Now, do the same for the x components.

okay thanks Hootenanny
so if i do the following and solve simultaneously, will it yield me the correct result?
$$\begin{array}{l} T_1 \cos 40 + T_2 \cos 45 = 400 \\ T_1 \sin 40 + T_2 \sin 45 = 0 \\ \left[ {\begin{array}{*{20}c} {\cos 40} & {\cos 45} & {400} \\ {\sin 40} & {\sin 45} & 0 \\ \end{array}} \right] \\ \left| {T_1 } \right| = 354.9408\,N \\ T_2 = 310.8120\,N \\ \end{array}$$

thanks

oh i c.. ye that's correct... you wrote (Fnet)y=-400 + 400=0, but it's
Fnet =-400 + 400=0.

okay thanks for the help, greatly appreciated

## 1. What is the formula for calculating the tension of two wires at 40 and 45 degrees?

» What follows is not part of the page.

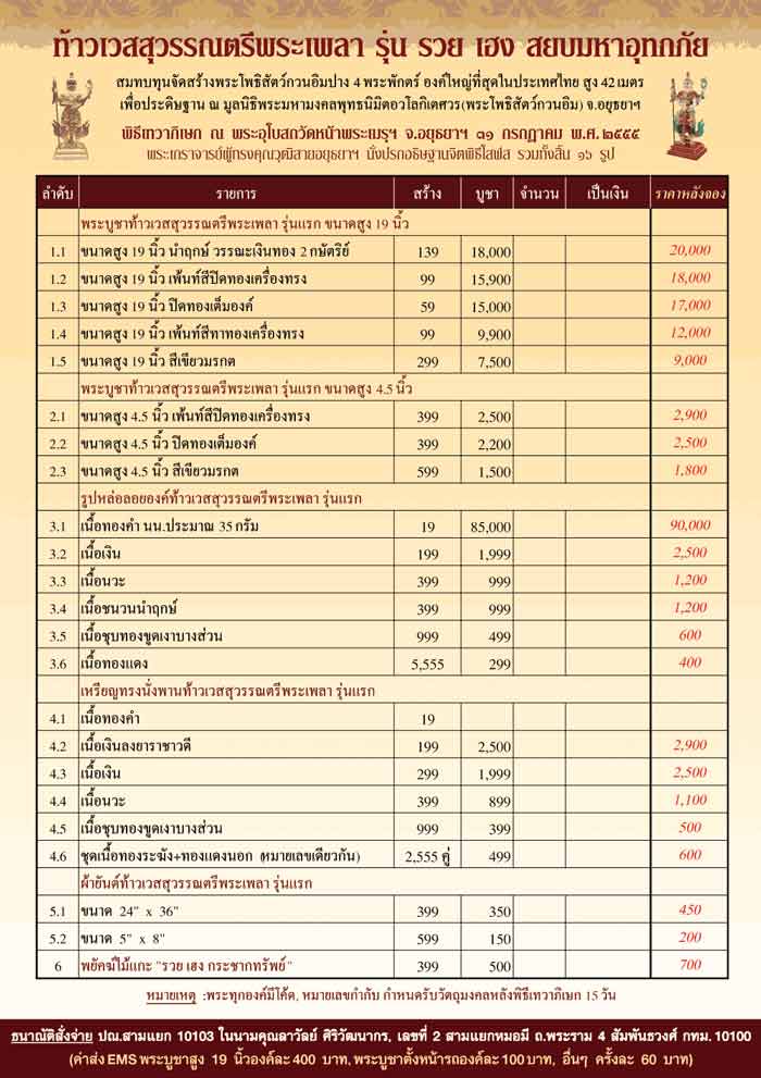 รายละเอียดต่างๆ รอให้คุณบิ๊กมาเปิดเผยเองดีกว่าครับ รับรองว่าท่านที่จองท้าวเวสสุวรรณตรีพระเพลา รุ่น รวย เฮง สยบมหาอุทกภัย ได้ยิ้มกันทั่วหน้าและคาดว่าจะรีบจองเพิ่มกัน ส่วนท่านที่ยังไม่ได้ตัดสินใจจองก็คงต้องรีบหน่อยแล้วครับเพราะราคาจองมีเวลาอีกแค่ 1 สัปดาห์เท่านั้นครับ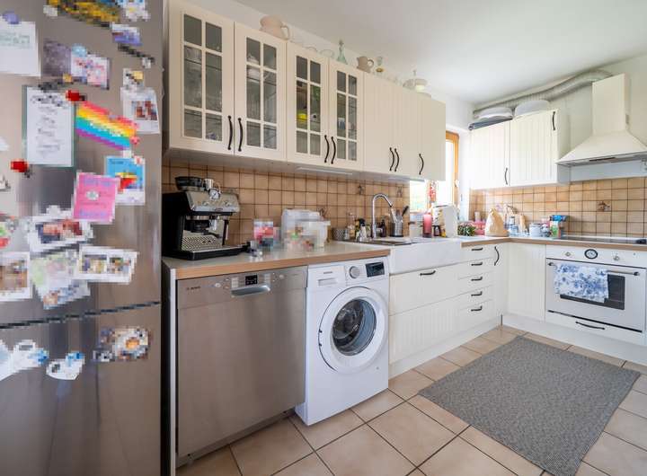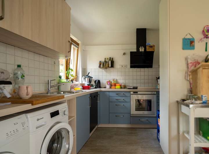 Des Weiteren besteht im Untergeschoss neben den typischen Kellerräumen eine 2,5-Zimmer-Einliegerwohnung, ebenfalls mit offener Küche gestaltet. Durch die Höhenlage des Untergeschosses erhält auch diese Art Souterrain-Wohnung ausreichend Tageslicht, sodass sich der Mieter wohlfühlen kann.

The formula for calculating the tension of two wires at different angles is T = W / sinθ, where T is the tension, W is the weight of the object being supported by the wires, and θ is the angle between the wires.

## 2. How does the angle between the wires affect the tension?

The angle between the wires affects the tension because as the angle increases, the tension decreases. This is because a larger angle results in a smaller value for sinθ in the tension formula.

## 3. Can the tension of the wires be greater than the weight of the object?

Yes, it is possible for the tension of the wires to be greater than the weight of the object. This can occur when the angle between the wires is small, resulting in a larger value for sinθ in the tension formula.

## 4. What happens to the tension if one of the wires is longer than the other?

If one of the wires is longer than the other, the tension in the longer wire will be greater. This is because the weight of the object is distributed over a longer length in the longer wire, resulting in a larger value for W in the tension formula.

## 5. Is there a maximum angle at which the wires can be placed without breaking?

Yes, there is a maximum angle at which the wires can be placed without breaking. This angle is 90 degrees, as any angle greater than 90 degrees would result in a negative tension value, which is not physically possible.